Sizzling Vibrations

Illustration of vibrational states of a hydrogen molecular ion.

The absorption of two photons of 12-µm-long IR light can excite all the vibrational states of a hydrogen molecular ion (H2+), causing it to fall apart into its constituent atoms — without exciting or ionizing the electron.

Image Credit
The Becker group and Brad Baxley / JILA

Former research associate Antonio Picón, research associate Agnieszka Jaron-Becker, and Fellow Andreas Becker have discovered a way to make the hydrogen molecular ion (H2+) fall apart into its constituent atoms without exciting or ionizing the electron. This startling finding was a big surprise for the researchers, who recently figured out how to do something that conventional wisdom said was difficult, if not downright impossible.

For starters, molecules usually don’t split up into atoms unless at least one electron is excited or ionized. Rather, they dissociate into charged ions, with one negatively charged ion containing one or more extra electrons and another positively charged ion missing the same number of electrons.

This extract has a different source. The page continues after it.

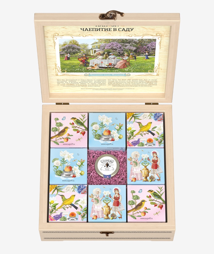 Купажи цветочных чаев составлены так, чтобы сочетать вкус и аромат отборных сортов китайского и индийского чай с красотой разноцветных лепестков календулы, мальвы, цветов яблони, персика, жасмина, апельсина, акации. Ягодно-фруктовые десерты гармонично дополняют набор.

Researchers thought that the only two ways to break apart a molecule into neutral atoms would be (1) to hit it with a rapid sequence of laser pulses over a wide range of different frequencies (i.e., energies) or (2) to change the frequency of the laser pulse over time, a process called chirping. Either way, the goal was to get the molecule shaking hard enough to fall apart. Either process is technically challenging since the laser frequencies need to exactly resonate with the molecule’s vibrational states to make it fall apart. And, these vibrational states get closer and closer together as they get higher and higher in energy. And, as the vibrational states get closer together, they are harder to stimulate with a single laser pulse.

Two years ago, Agnieszka Jaron-Becker and Andreas Becker weren’t even thinking about getting molecules to fall apart. Rather, they were exploring the behavior of atoms and molecules interacting with infrared (IR) lasers. Their research was related to the new IR laser used to produce coherent high-energy soft x-rays in the Kapteyn/Murnane (K/M) group. They found little prior work on IR lasers because the response of matter to lower-energy light was considered less exciting than its response to visible and higher-energy wavelengths of light.

Near the end of 2010, working with Picon, Jaron-Becker and Becker discovered that IR laser pulses would greatly enhance vibrations of simple molecules such as H2+. They showed that when this molecule absorbs two photons of IR light, the photons excite the molecule’s higher vibrational states.

Then, in an exciting new study just published in Physical Review Letters, the researchers showed that the absorption of pairs of photons of IR light of the right wavelength strongly favors the dissociation of molecules into atoms. A range of wavelengths is not needed! In theory, pulses of 12-µm IR light will excite all the vibrational states of H2+ at the same time, causing the molecule to rapidly dissociate into its constituent atoms. The molecule shakes itself apart rather than ionizing!

Unfortunately, there are not yet many IR lasers with a wavelength as long as 12 µm available to test the new theory. Consequently, the researchers are looking for a simple nonpolar molecule whose vibrational states will all resonate from the absorption of two photons of light from the 4-µm IR laser already used by the K/M group. Andreas Becker hopes it’s only a matter of time until they find one.